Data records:
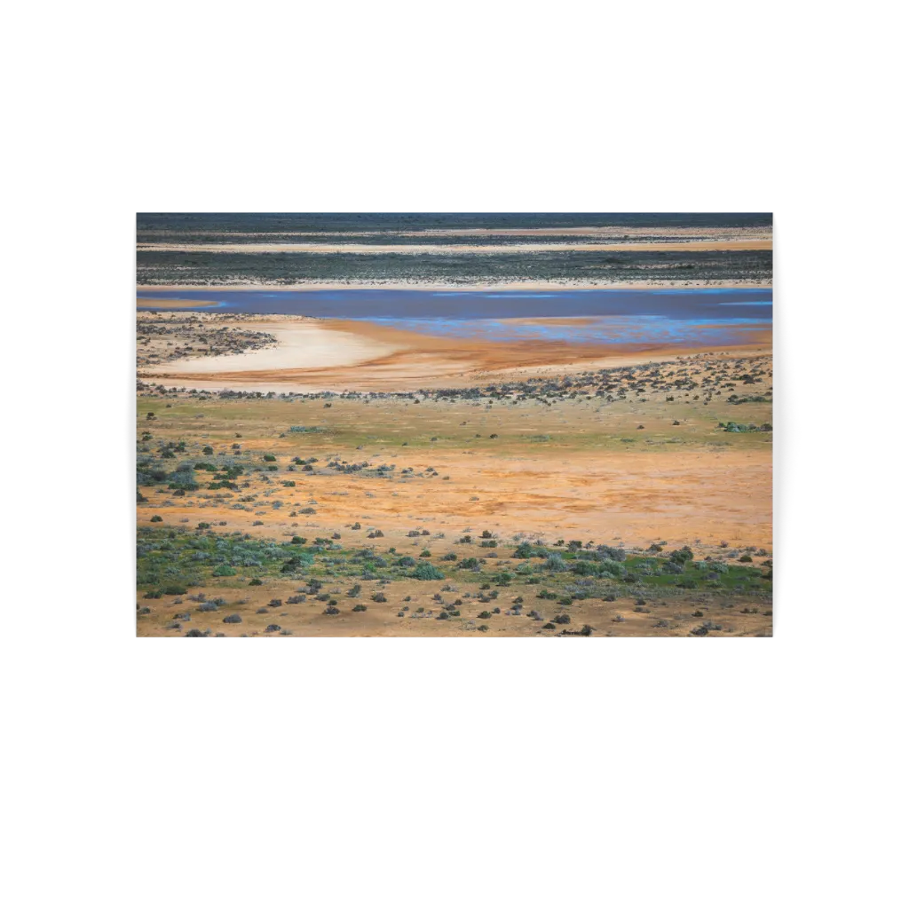 This print showcases the unique colours and open expanses of the Western Australian landscape, where the land meets a serene waterbody under a clear sky.
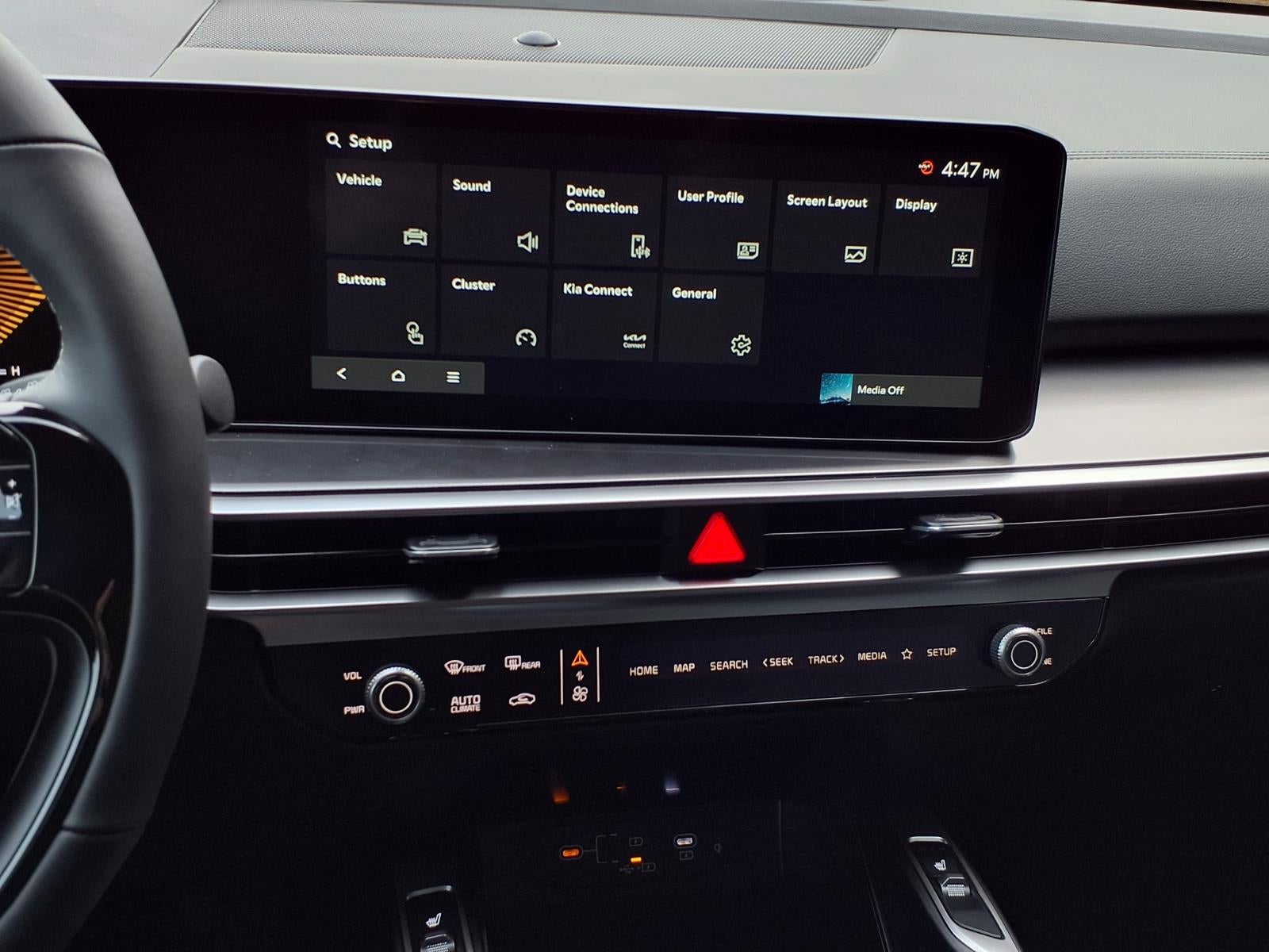 - Radio: AM/FM Standard Sound System -inc: 12.3" ccNC lite touchscreen, HD Radio, Bluetooth® w/audio remote control, wireless Android Auto and wireless Apple CarPlay, voice recognition, modem, Sirius XM, modem, Kia Connect, Over-The-Air Updates (OTA), 6 speakers and USB
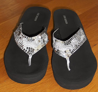 My new flip flops. I don't ususally wear them, but these don't hurt between my toes. Of course they are new and I haven't wore them yet. But after I wear them I'll let you know how I they felt. (Click them to see bigger)
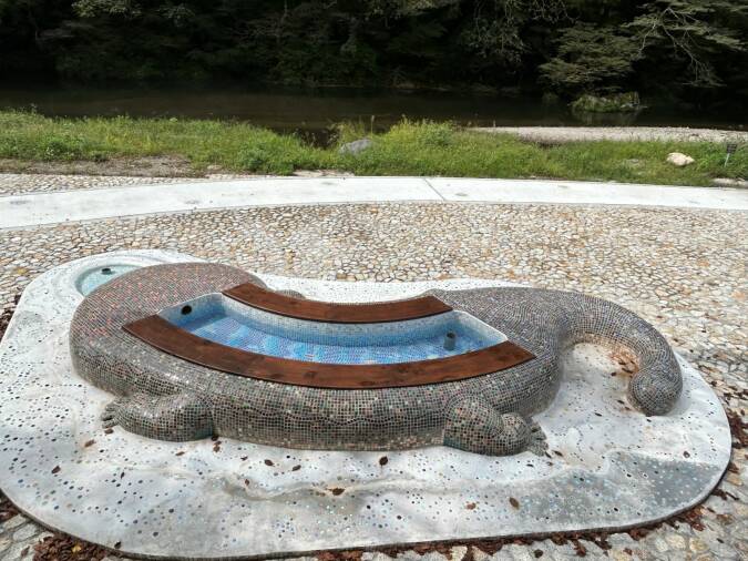 湯原温泉らしく形は“はんざき型”で、はんざきの背中に足湯があります。
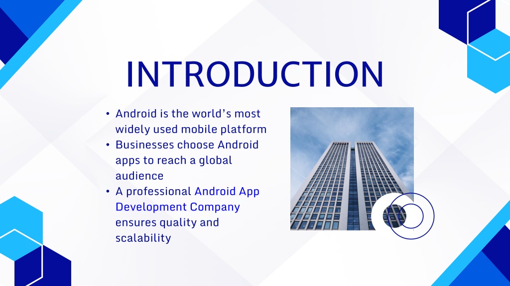 INTRODUCTION • Android is the world’s most widely used mobile platform • Businesses choose Android apps to reach a global audience • A professional Android App Development Company ensures quality and scalability
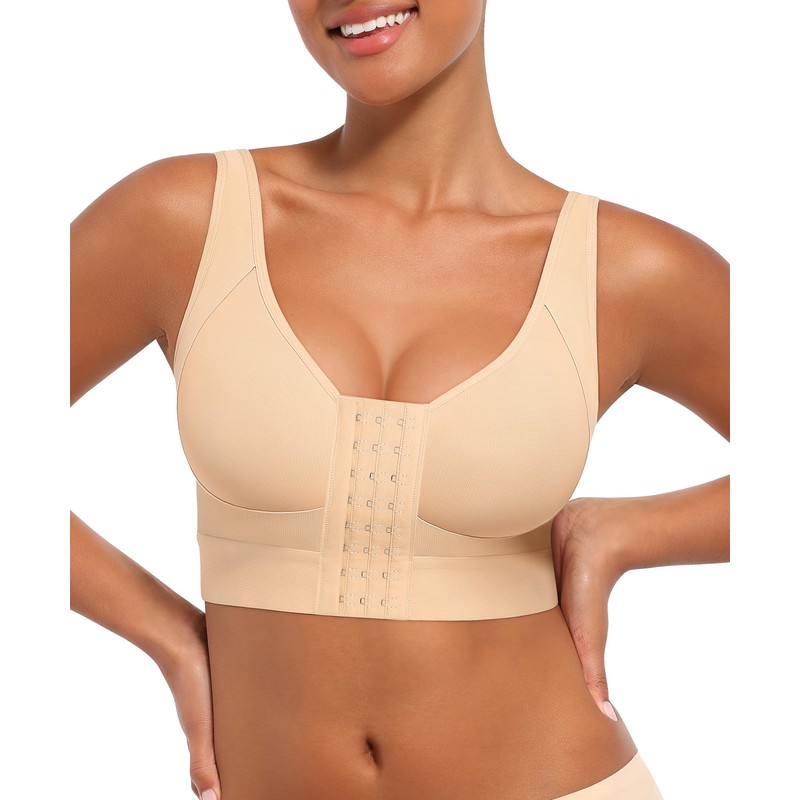FeelinGirl Post Surgery Compression Bra Front Closure Bras for Women with Adjustable Straps Post Surgical Skin
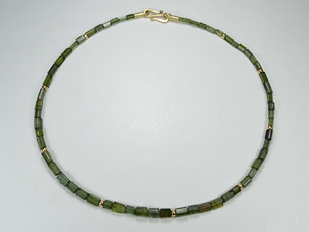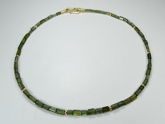 Grüne Turmalinkristalle mit Zwischenteilen und Schließe in 750/000 Gelbgold.
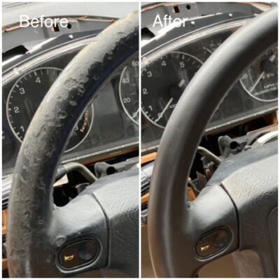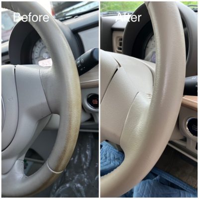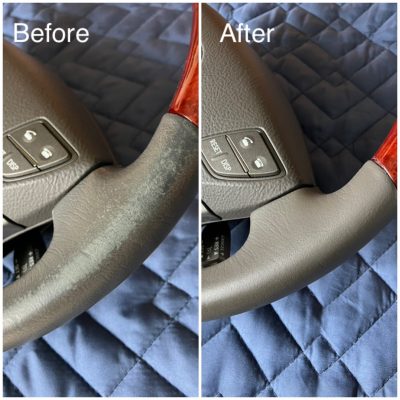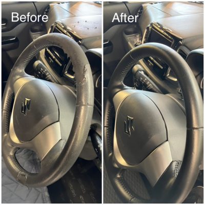 経年劣化や爪の引っかき傷などで意外とダメージを受けやすいステアリングも修理いたします。
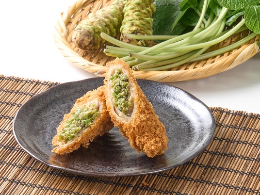 まい泉で人気の「巻きかつ」に、旬のわさびを組み合わせた新商品が登場します。安曇野産の「茎わさび」を塩だれで和え、大葉と一緒に豚肉で巻いた一品です。調理工程でわさびの辛味を抑え、風味を引き立てる工夫をしています。わさびと大葉の香りが爽やかな、夏にこそ楽しみたい揚げ物です。そのままでも、醤油をつけて召し上がっても美味しくお召し上がりいただけます。
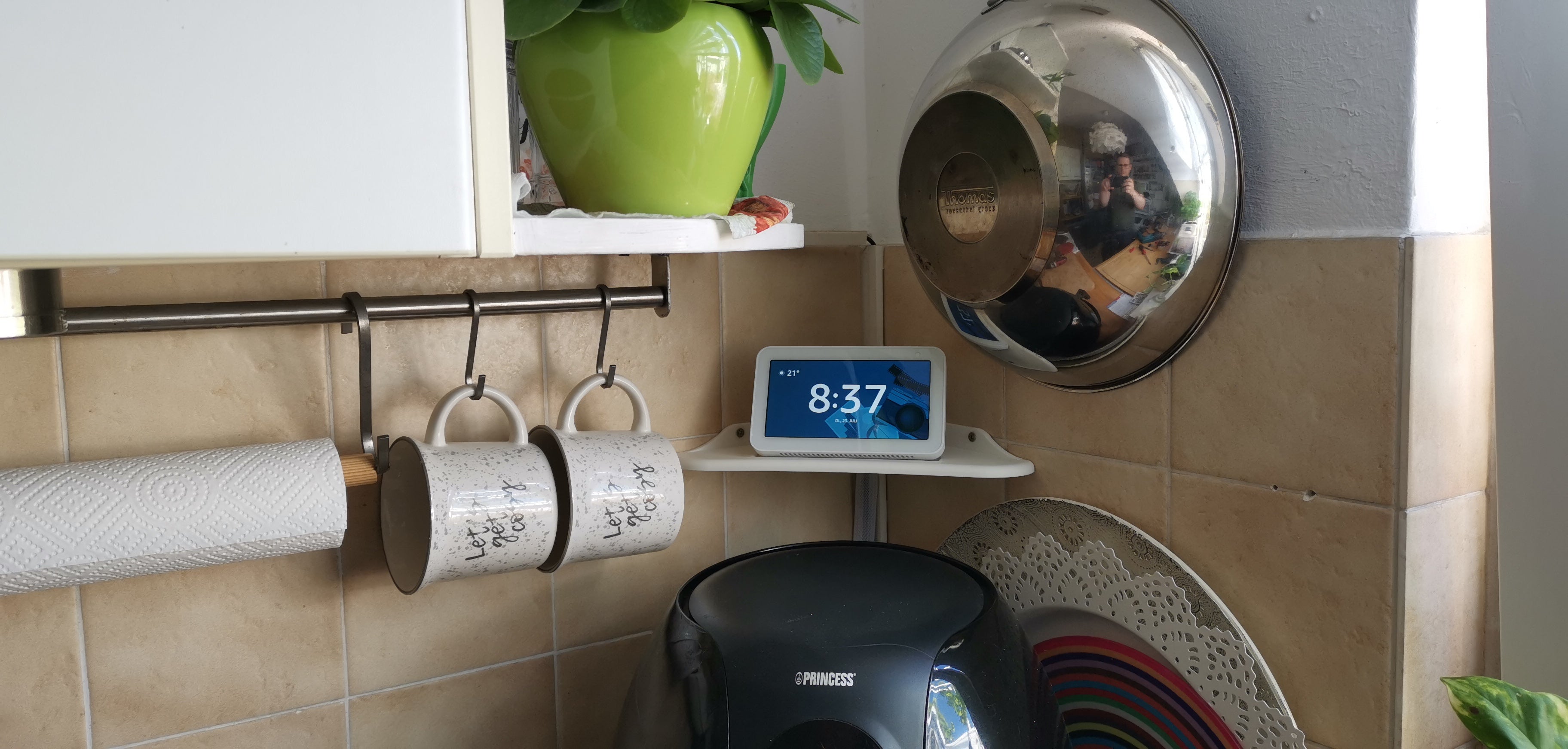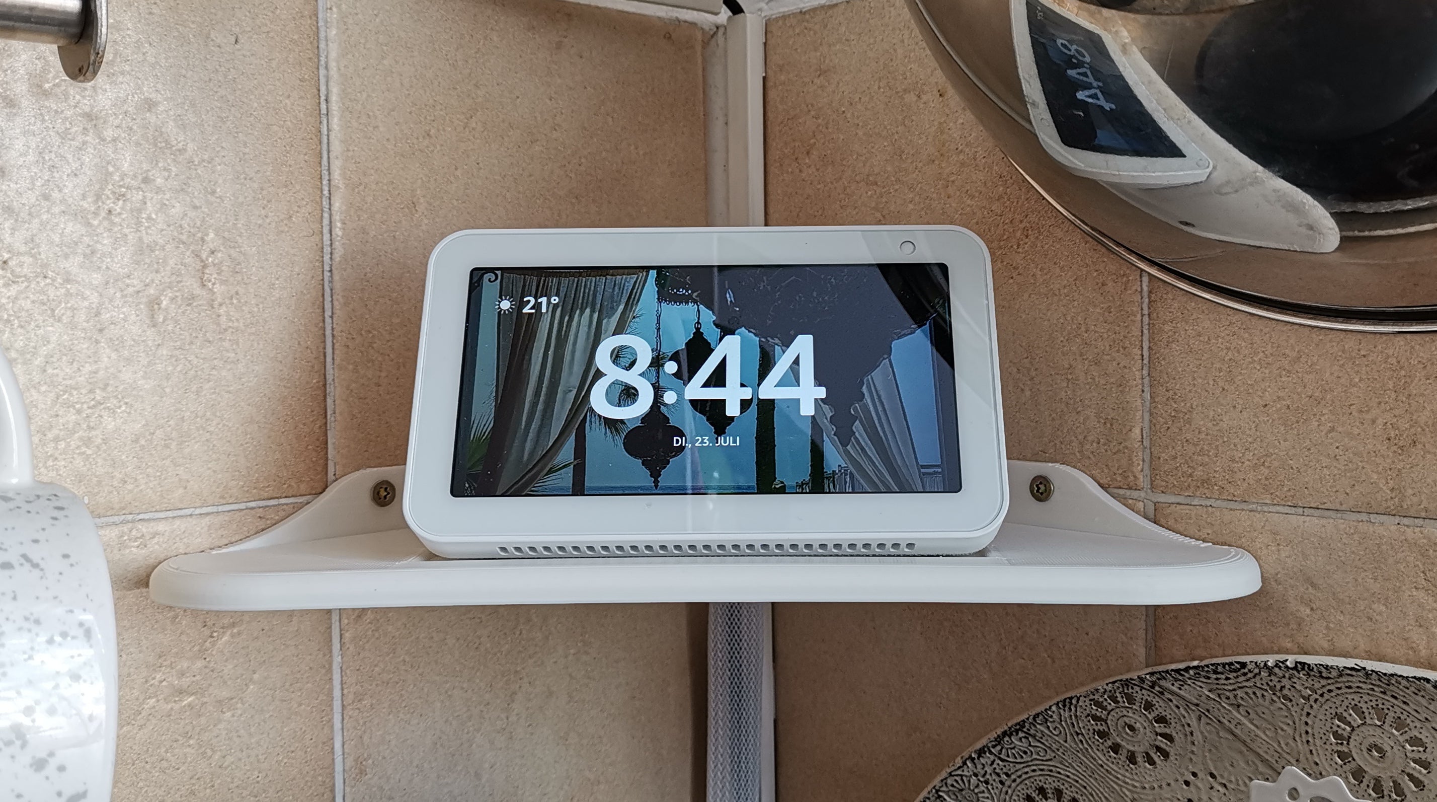 Aquí tienes un estante/soporte para Amazon Echo Show 5 diseñado para encajar perfectamente en la esquina de tu habitación. El estante tiene espacio para dos cables (alimentación y audio) y ofrece una forma inteligente y elegante de asegurar su Echo Show 5, optimizando su espacio y manteniendo los cables organizados. Incluso tiene un pequeño recorte para un tercer cable si es necesario.
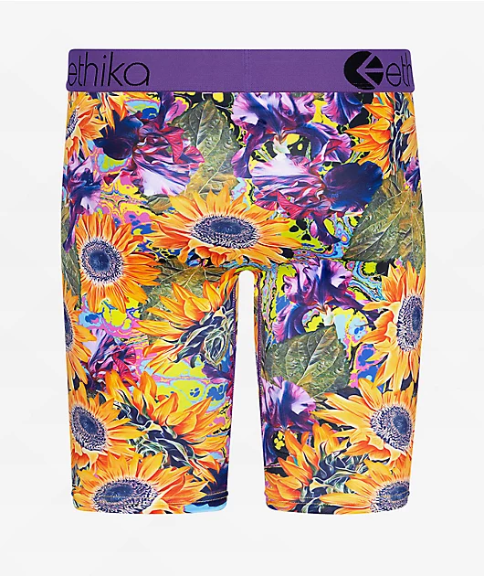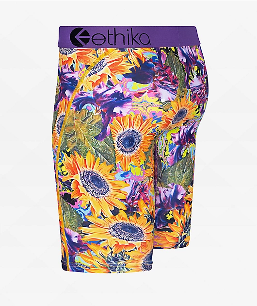 The kids Sunny Daze boxer briefs from Ethika feature a purple elastic waistband with sublimated surreal flower graphics throughout. For all day comfort, this underwear has a lightweight and breathable construction
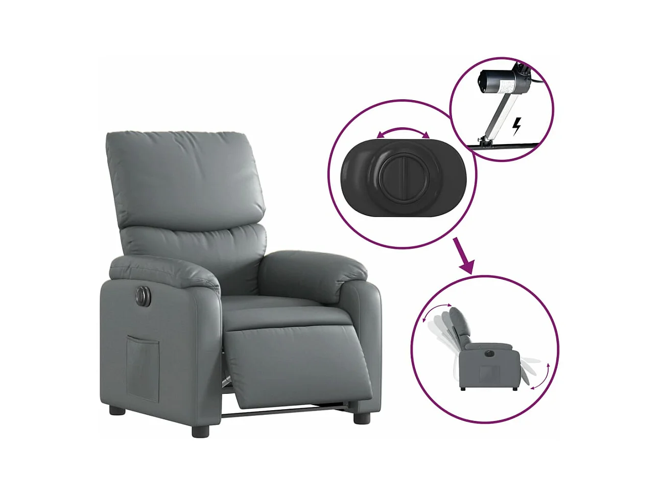 Fauteuil verstelbaar elektrisch kunstleer grijs NL658806

■ Work to be completed
Every entry above is to be set down exactly; the pictures are to be left out.

■ Task result
 This print showcases the unique colours and open expanses of the Western Australian landscape, where the land meets a serene waterbody under a clear sky.
 - Radio: AM/FM Standard Sound System -inc: 12.3" ccNC lite touchscreen, HD Radio, Bluetooth® w/audio remote control, wireless Android Auto and wireless Apple CarPlay, voice recognition, modem, Sirius XM, modem, Kia Connect, Over-The-Air Updates (OTA), 6 speakers and USB
 My new flip flops. I don't ususally wear them, but these don't hurt between my toes. Of course they are new and I haven't wore them yet. But after I wear them I'll let you know how I they felt. (Click them to see bigger)
 湯原温泉らしく形は“はんざき型”で、はんざきの背中に足湯があります。
 INTRODUCTION • Android is the world’s most widely used mobile platform • Businesses choose Android apps to reach a global audience • A professional Android App Development Company ensures quality and scalability
FeelinGirl Post Surgery Compression Bra Front Closure Bras for Women with Adjustable Straps Post Surgical Skin
 Grüne Turmalinkristalle mit Zwischenteilen und Schließe in 750/000 Gelbgold.
 経年劣化や爪の引っかき傷などで意外とダメージを受けやすいステアリングも修理いたします。
 まい泉で人気の「巻きかつ」に、旬のわさびを組み合わせた新商品が登場します。安曇野産の「茎わさび」を塩だれで和え、大葉と一緒に豚肉で巻いた一品です。調理工程でわさびの辛味を抑え、風味を引き立てる工夫をしています。わさびと大葉の香りが爽やかな、夏にこそ楽しみたい揚げ物です。そのままでも、醤油をつけて召し上がっても美味しくお召し上がりいただけます。
 Aquí tienes un estante/soporte para Amazon Echo Show 5 diseñado para encajar perfectamente en la esquina de tu habitación. El estante tiene espacio para dos cables (alimentación y audio) y ofrece una forma inteligente y elegante de asegurar su Echo Show 5, optimizando su espacio y manteniendo los cables organizados. Incluso tiene un pequeño recorte para un tercer cable si es necesario.
 The kids Sunny Daze boxer briefs from Ethika feature a purple elastic waistband with sublimated surreal flower graphics throughout. For all day comfort, this underwear has a lightweight and breathable construction
 Fauteuil verstelbaar elektrisch kunstleer grijs NL658806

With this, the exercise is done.